• [Required action]:
The data below holds the lines to copy: everything from the line containing "2 Flip Drawers&2" to the line containing "60. Kyrene under", both ends included, set down exactly.

• [Record excerpts]:
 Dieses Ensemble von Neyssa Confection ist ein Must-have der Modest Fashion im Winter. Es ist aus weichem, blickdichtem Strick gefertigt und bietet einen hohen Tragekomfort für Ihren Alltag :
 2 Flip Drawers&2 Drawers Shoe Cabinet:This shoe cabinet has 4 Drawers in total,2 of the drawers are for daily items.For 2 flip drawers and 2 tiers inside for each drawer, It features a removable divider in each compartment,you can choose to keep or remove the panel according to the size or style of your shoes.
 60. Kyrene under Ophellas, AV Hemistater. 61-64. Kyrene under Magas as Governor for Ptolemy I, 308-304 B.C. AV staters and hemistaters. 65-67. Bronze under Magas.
* * *
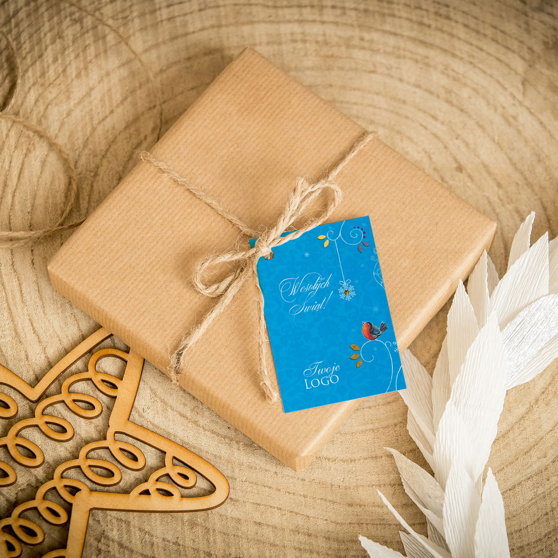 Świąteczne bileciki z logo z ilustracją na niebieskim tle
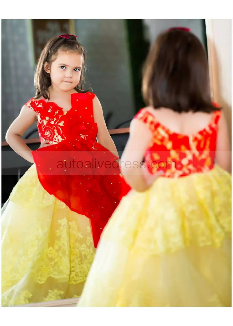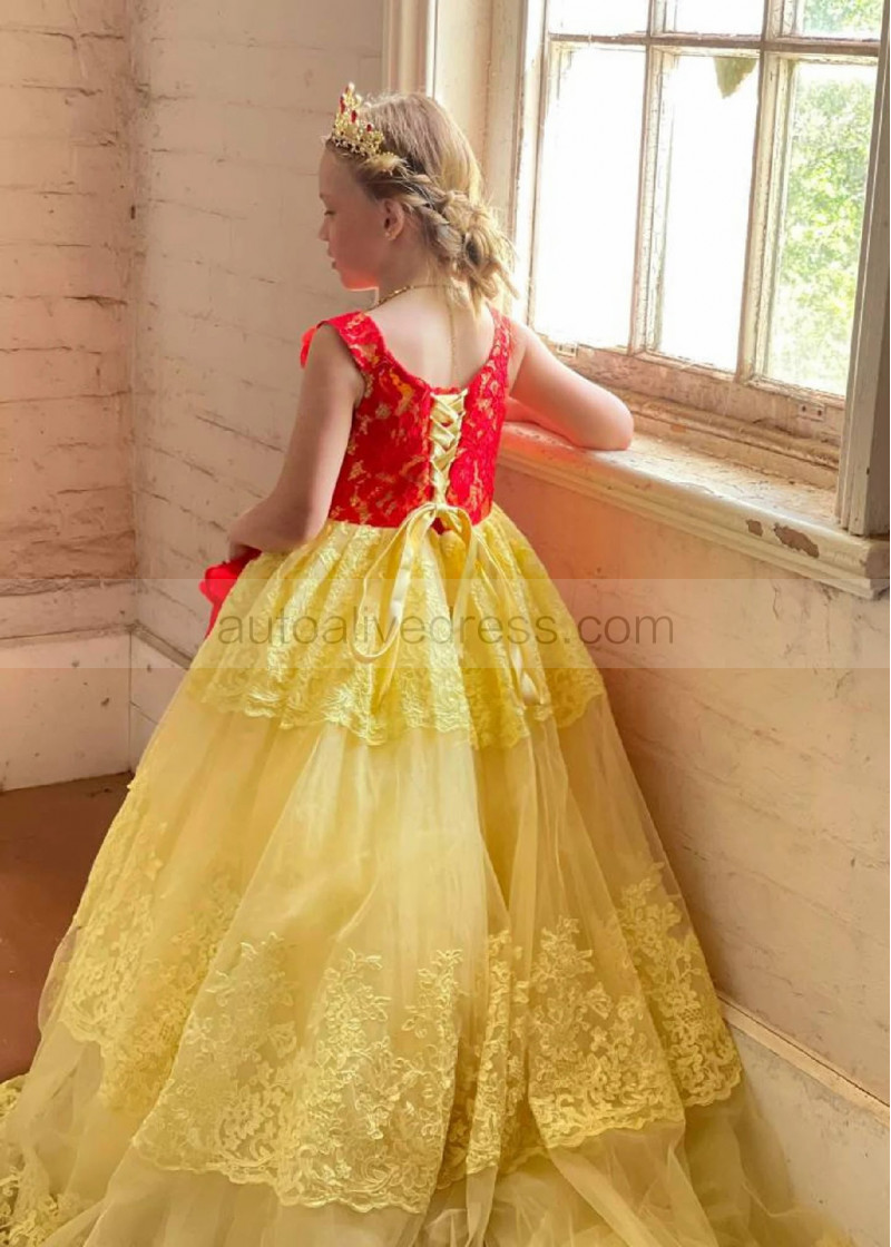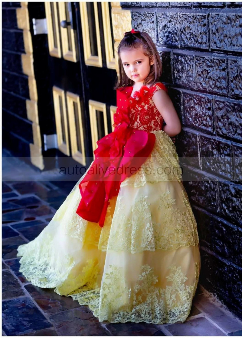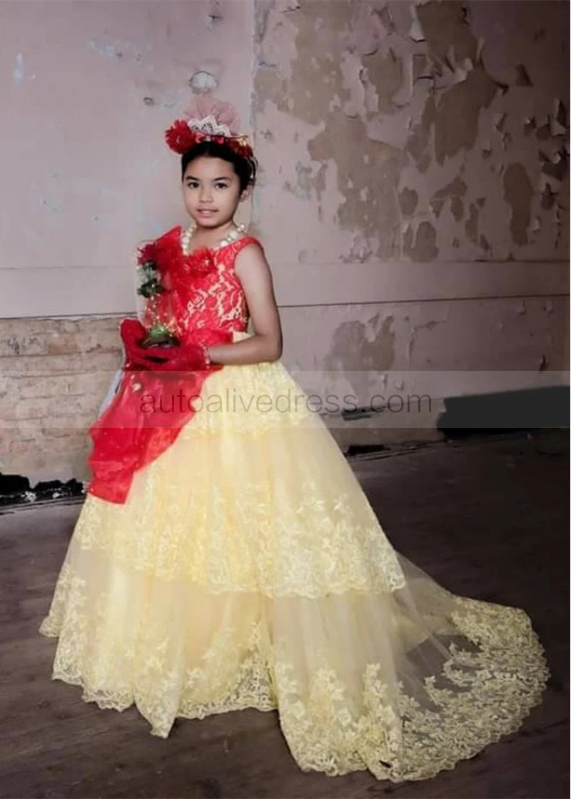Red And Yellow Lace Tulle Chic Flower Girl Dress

• [Finished task]:
 2 Flip Drawers&2 Drawers Shoe Cabinet:This shoe cabinet has 4 Drawers in total,2 of the drawers are for daily items.For 2 flip drawers and 2 tiers inside for each drawer, It features a removable divider in each compartment,you can choose to keep or remove the panel according to the size or style of your shoes.
 60. Kyrene under Ophellas, AV Hemistater. 61-64. Kyrene under Magas as Governor for Ptolemy I, 308-304 B.C. AV staters and hemistaters. 65-67. Bronze under Magas.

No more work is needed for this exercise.